Claims What is claimed is:

1. A method of removing a coating of a substrate, comprising:

a) providing a substrate, the substrate comprising a feature on a surface of the substrate, wherein the surface of the feature has a coating;

b) imaging the surface of the substrate to provide information about the feature;

c) removing a portion of the coating of the surface of the feature by a laser source;

d) imaging the surface of the substrate to provide information about a coating thickness of the coating of the surface of the feature;

e) calculating a boundary between a first area comprising the coating and a second area with the coating substantially removed;

f) removing a portion of the coating in the first area within the boundary using a laser source; and

repeating the steps of d), e), and f) until the coating of the feature is substantially removed.

2. The method of claim 1 further comprising using the boundaries to determine which areas of the substrate to subject to laser.

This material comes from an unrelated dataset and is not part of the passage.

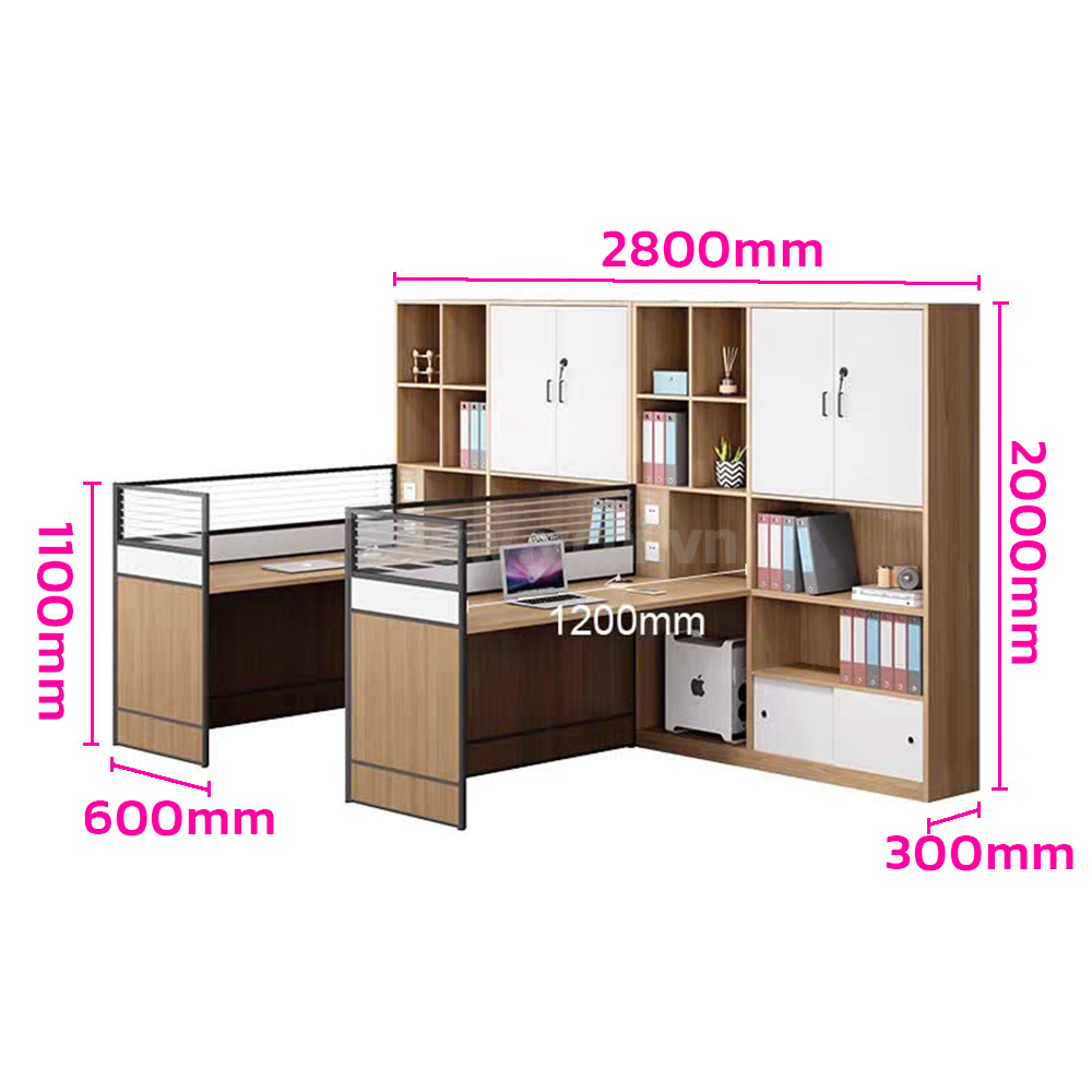 Sản phẩm gồm mặt bàn, vách ngăn bàn, tủ di động.

3. The method of claim 1 where information about the feature includes a location of the feature.

4. The method of claim 1 where information about the feature includes a contour of the feature.

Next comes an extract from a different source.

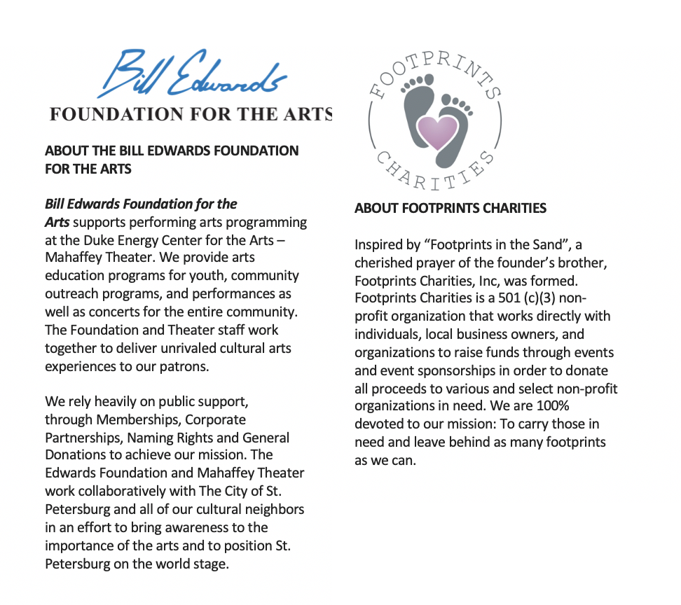 All proceeds will benefit the Bill Edwards Foundation for The Arts whose initiatives are to encourage and support the Arts and artists in St. Petersburg.

5. The method of claim 1 where information about the feature includes X, Y, and yaw information.

6. The method of claim 5 where information about the feature further includes Z and pitch and roll information

7. The method of claim 1 wherein the boundaries are determined by difference in color between the first and second areas.

8 The method of claim 1 wherein the substrate is a turbine blade.

9. The method of claim 1 wherein the coating comprises a thermal barrier layer coating.

10. The method of claim 1 wherein the laser source is a YAG laser.

11. The method of claim 1 further comprising calculating a contour of the feature, wherein the contour include information about the boundary between the first area and the second area, and aligning the contour with the substrate before removing a portion of the coating in the first area within the boundary using a laser source.

12. The method of claim 1 wherein the feature is a slot or cavity.

13. The method of claim 12 wherein the feature has length of between 1 mm and 10 mm.

14. The method of claim 1 wherein imaging the surface of the substrate does not require contact with the substrate.

15. The method of claim 1 wherein the steps of d), e), and f) are repeated between 5 and 10 times until the coating of the feature is substantially removed.

16. The method of claim 1 where the imaging is performed by a laser.

17. A turbine blade subjected to the method of claim 1.